# Dish Pro with the 622



## Red Dwarf (Aug 25, 2002)

I already have four cables running down to the reciever area from the roof. Is there any disadvantages to dishpro (using only one cable)? Is channel changing faster with two cables?


----------



## James Long (Apr 17, 2003)

You need two DishPro or one DishPro Plus cable to feed the 622.

If you want to run two DishPro cables you can. But you do need two cables to make both tuners work (or use DishProPlus with the splitter that comes with the 622).


----------



## Red Dwarf (Aug 25, 2002)

I guess my question is about using the splitter. Is it better not to?


----------



## kmcnamara (Jan 30, 2004)

Single vs. Double cabling is just a convenience issue. There is no other benefit.


----------



## James Long (Apr 17, 2003)

If you have a DishPro*PLUS* cable running you use the separator. The separator that came with the 622 will do you no good unless you have DPP equipment at the other end of the coax (DPP44 or DPP Twin LNB).


----------



## Red Dwarf (Aug 25, 2002)

I found the low down on this topic @

http://ekb.dbstalk.com/217

DishPro LNBFs are a new technology that is only supported in the newest receivers from Dish Network (Models 301, 501, 508, 721, and future 3-digit models). DishPro LNBFs and switches allow for longer runs up to 200 feet from receivers to the dish. DishPro installations are easier as there are fewer cables to run from the dish to the switch(es) for more than 2 receivers as well as simpler installations if more than 4 satellite feeds are needed (especially important now that 721s and 921s need 2 satellite feeds per receiver).

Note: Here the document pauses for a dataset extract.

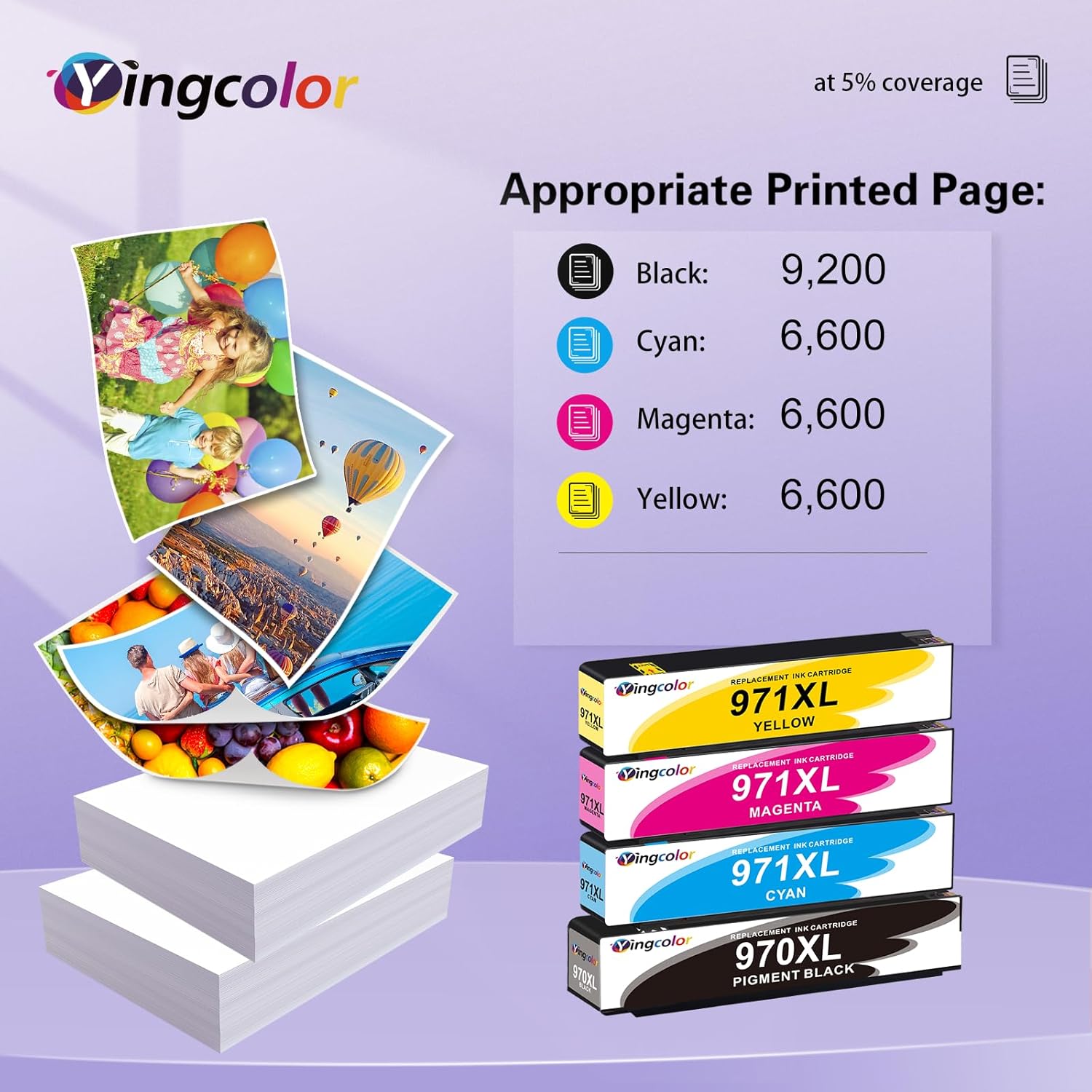• High Capacity: About 9200 Pages Compatible for HP 971xl Ink Cartridges and about 6,600 Pages per 971 ink for hp at 5 percent Coverage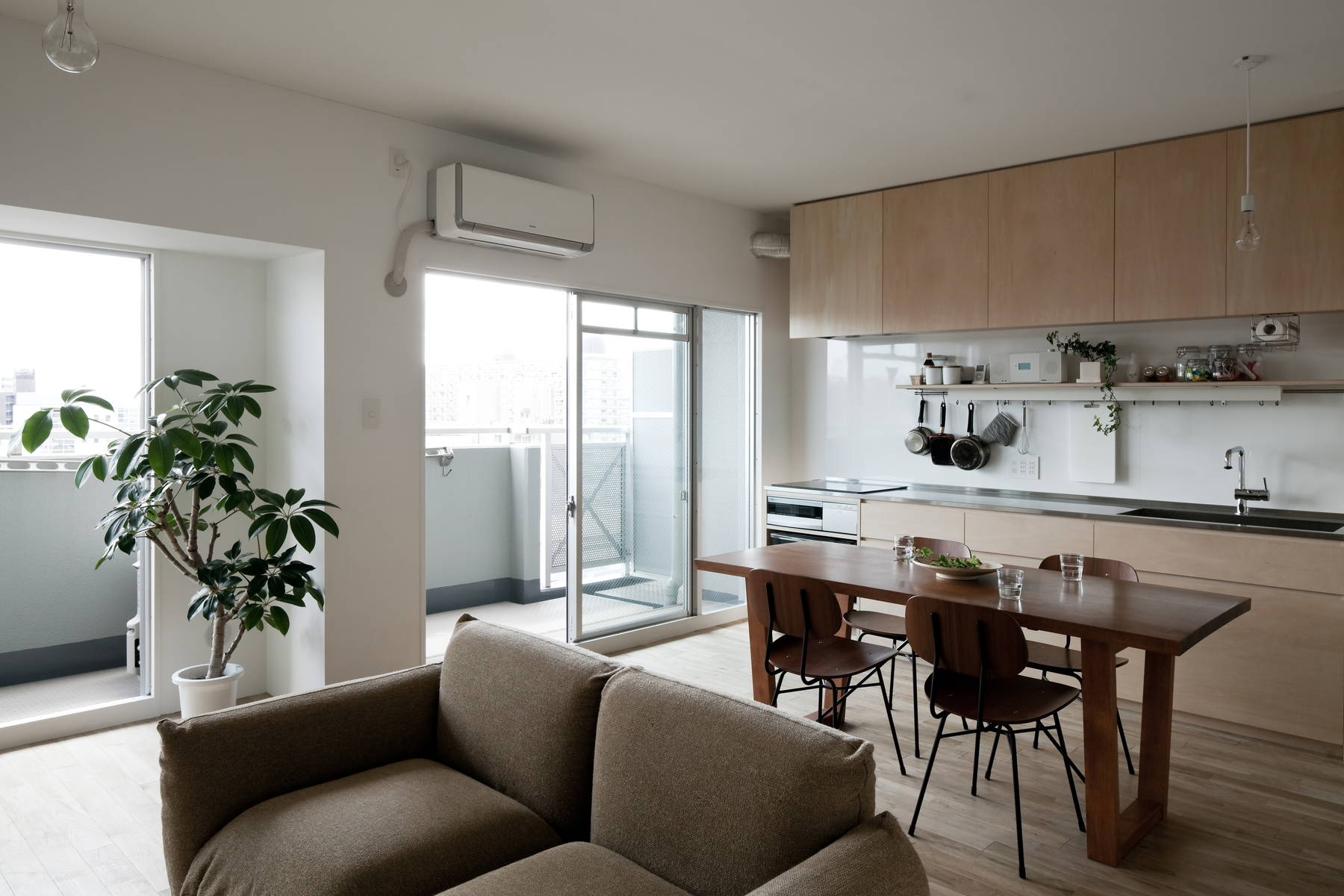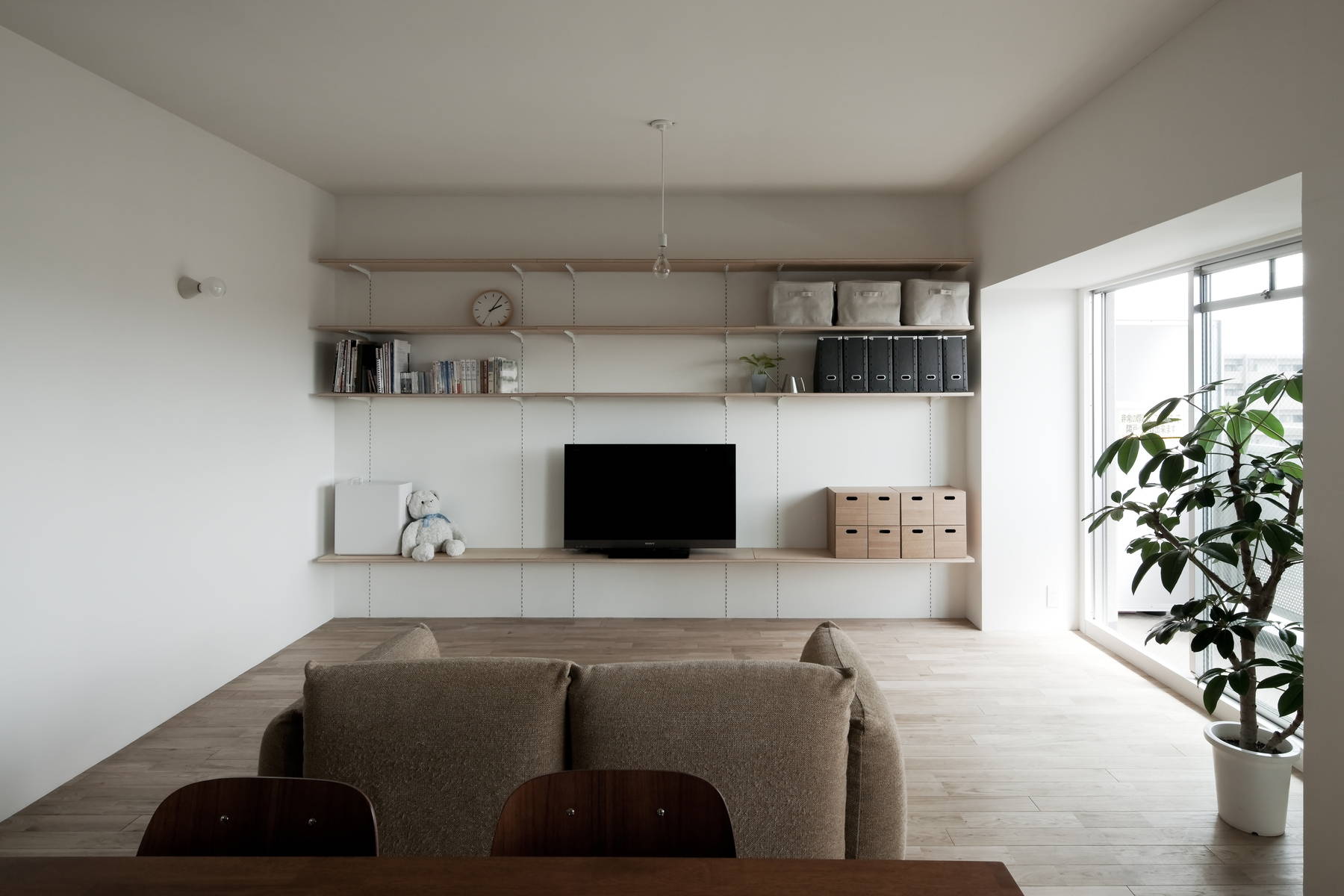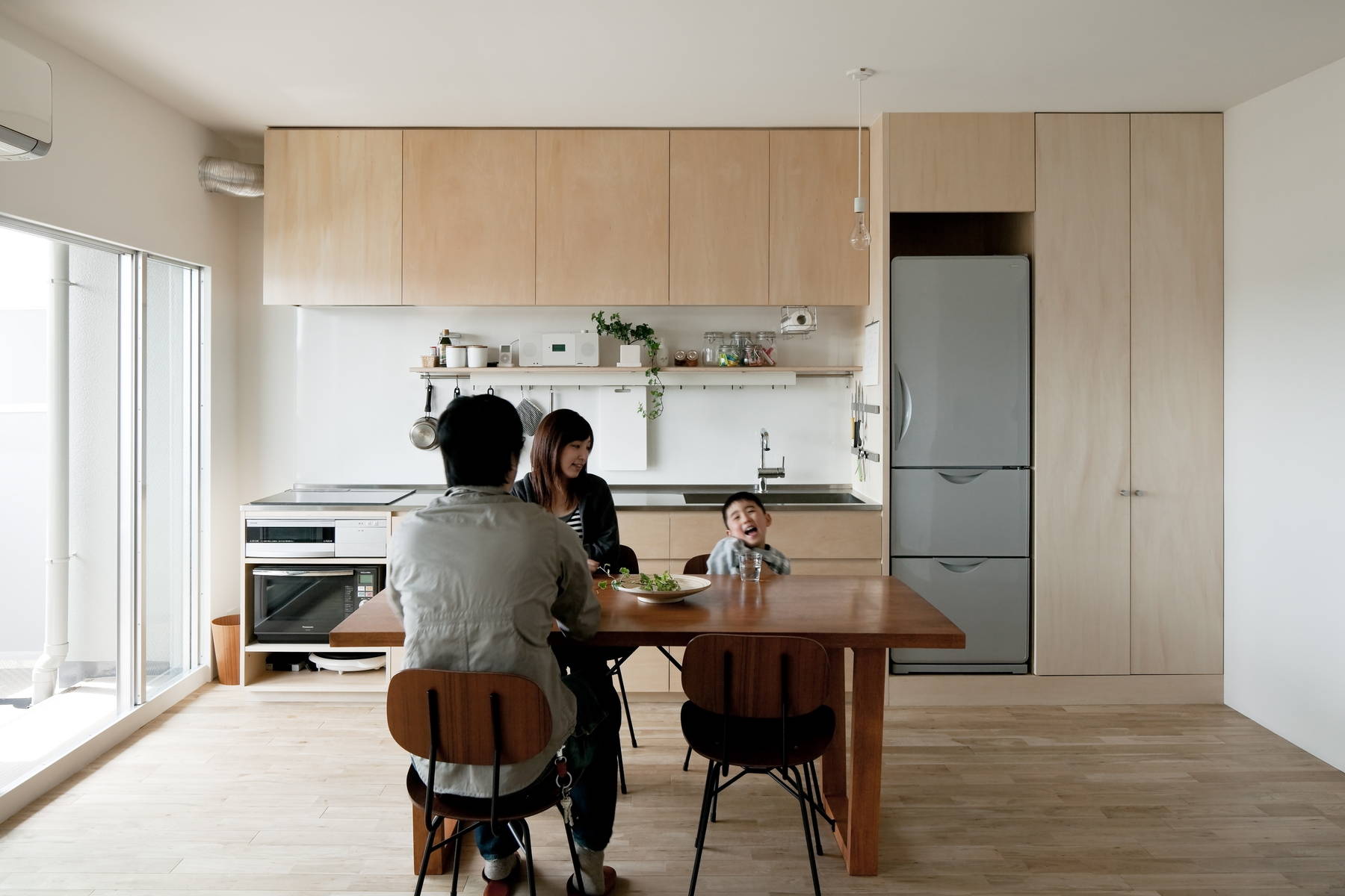 若いご家族のためのシンプルなマンションリノベーションです。一般的に中古マンションは流通上の効果を期待して必要以上に部屋を細分化し、室数を水増しする傾向があります。今回のマンションも形式的には一応3LDKではあるもののLDKはダイニングテーブルを置くのが精いっぱい、生活の中心となるスペースが無い状態でした。限られた予算とスペースの中で充分な生活空間を確保するため、天井や不要な間仕切りを取り払って大きなLDKをつくり、必要最小限のキッチンと多目的な可動棚のみを合板で製作しました。肌触りの良い無垢フローリングの上で半椅子座・半床座の気取らない生活を送ることができます。

Quick lesson: all DBS providers have up to 32 frequencies to use per orbital slot. The Frequencies are opposite polarities either even or odd. Legacy LNBFs and switches can only transmit one polarity at a time down the feed cable to your receiver. Legacy switches and LNBFs use a voltage signal from your receiver to change the polarity of the LNBF it is connected to, 13 volts is odd, 18 volts is even. Since voltage will drop as the length of the cable gets longer, at some point the attenuation of the cable will drop the voltage from the receiver below 18 volts so that the LNBF can't switch to the even polarity even though the signal from the receiver is 18 volts the LNBF is only able to use the 13 volt or odd polarity.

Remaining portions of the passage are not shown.